Asia Zak from Krakow and Berlin gallery Zak | Branicka, a first-time exhibitor, was by impressed by the Italian viewers, saying that they were smart, inquisitive, and into “challenging art” of the sort her gallery shows. Her booth was drawing a lot of attention with a raucous video by celebrated Polish artist Katarzyna Kozyra that depicted a cheerleader let loose in a locker room. Zak’s booth was stocked with largely Polish and conceptual works ranging from €1,000 to €35,000, and had made a few sales.
Berlin’s Esther Schipper had one of Artissima’s most lighthearted booths, with installations by Philippe Parreno, Liam Gillick, and Carsten Höller, whose “Vogel Pilz Mathematik installations of hyper-realistic sculptures of two mismatched mushroom halves, were doing extremely well. The largest, featuring several dozen of fungi, had sold to Turin’s Galleria Civica d’Arte Moderna e Contemporanea (GAM) for €65,000, and smaller offerings of one (€9,500), two (€18,000) or three (€23,000) were moving quickly as well.
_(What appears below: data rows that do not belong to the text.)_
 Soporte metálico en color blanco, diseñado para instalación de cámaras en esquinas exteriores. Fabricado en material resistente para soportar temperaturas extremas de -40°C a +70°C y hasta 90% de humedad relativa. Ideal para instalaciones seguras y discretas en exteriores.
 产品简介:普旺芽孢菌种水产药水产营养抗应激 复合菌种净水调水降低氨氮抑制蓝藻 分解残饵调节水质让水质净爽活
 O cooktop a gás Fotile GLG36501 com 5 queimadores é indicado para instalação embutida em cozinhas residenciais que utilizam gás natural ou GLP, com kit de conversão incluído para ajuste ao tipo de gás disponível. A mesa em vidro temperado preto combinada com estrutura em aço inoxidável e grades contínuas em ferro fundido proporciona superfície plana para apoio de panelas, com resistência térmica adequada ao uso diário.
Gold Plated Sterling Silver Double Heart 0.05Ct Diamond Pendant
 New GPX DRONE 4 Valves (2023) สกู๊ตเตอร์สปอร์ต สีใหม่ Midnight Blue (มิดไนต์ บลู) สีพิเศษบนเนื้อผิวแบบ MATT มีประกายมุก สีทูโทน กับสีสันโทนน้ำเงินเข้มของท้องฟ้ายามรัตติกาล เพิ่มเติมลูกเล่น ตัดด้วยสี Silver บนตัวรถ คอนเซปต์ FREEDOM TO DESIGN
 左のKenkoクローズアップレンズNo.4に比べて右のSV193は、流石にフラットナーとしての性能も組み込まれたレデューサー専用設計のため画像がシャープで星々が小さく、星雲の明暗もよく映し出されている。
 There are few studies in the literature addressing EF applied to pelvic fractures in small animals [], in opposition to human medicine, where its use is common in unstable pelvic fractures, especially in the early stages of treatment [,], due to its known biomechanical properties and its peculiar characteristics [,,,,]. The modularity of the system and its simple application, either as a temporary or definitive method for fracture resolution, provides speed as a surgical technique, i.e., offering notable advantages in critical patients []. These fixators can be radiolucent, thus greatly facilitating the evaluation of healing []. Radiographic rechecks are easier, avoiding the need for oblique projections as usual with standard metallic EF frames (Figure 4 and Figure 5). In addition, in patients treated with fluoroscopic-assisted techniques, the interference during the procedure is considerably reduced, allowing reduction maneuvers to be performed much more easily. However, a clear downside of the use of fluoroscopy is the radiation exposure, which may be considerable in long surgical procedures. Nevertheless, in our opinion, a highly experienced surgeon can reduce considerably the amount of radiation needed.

Things were “slightly quieter than we expected” at London’s Kate MacGarry, according to a gallery assistant, though they had sold Goshka Macugas installation The Nature of the Beast (2009) to the gorgeous local contemporary art museum Castello di Rivoli, for an unnamed price. When it was shown at Whitechapel in London earlier this year, the work featured a tapestry replica of Picassos Guernica borrowed from the United Nations; that one will be returned and a new one produced.
A Macuga on offer at Galerie Rudiger Schöttle of Munich had not yet sold (four galleries were offering her work at the fair), but the dealer seemed to be having a great time anyway. Also on offer in his booth were large museum-interior photos by Candida Höfer (the Louvre) and Thomas Struth (the viewers of Michelangelos David at the Accademia), but he was most excited about Andrew Palmer, a relative newcomer from whom he had one small painting. Schöttle discovered the British painter, who produces soothing abstractions that incorporate geometric shapes, at a Frieze satellite two years ago, promptly taking him on and installing a work in his own home. “I’m sure he’ll have a career,” Schöttle said.
Maribel Lopez, a first-time exhibitor who recently relocated to Berlin from Barcelona, was also positive, despite having sold nothing as of Saturday evening. She was showing Light Centre, a conceptual “Life Garage Sale” featuring unsettlingly generic black-and-white replicas of everyday objects at prices ranging from €2,500 to €8,000. She said she would be happy to return to Artissima despite the slow going, but thought her chances of being accepted were low, given the number of regular exhibitors from Berlin. (She might have fared better if she’d stayed in Spain, which had only two dealers at the fair.)
Javier Peres of Berlin and Los Angeles was having a great fair, with steady sales of works ranging in price from €7,500 to €70,000, including an untitled Terrence Koh installation of plaster objects in several vitrines (2006) to GAM, and a small Dorothy Iannone painting to another European foundation.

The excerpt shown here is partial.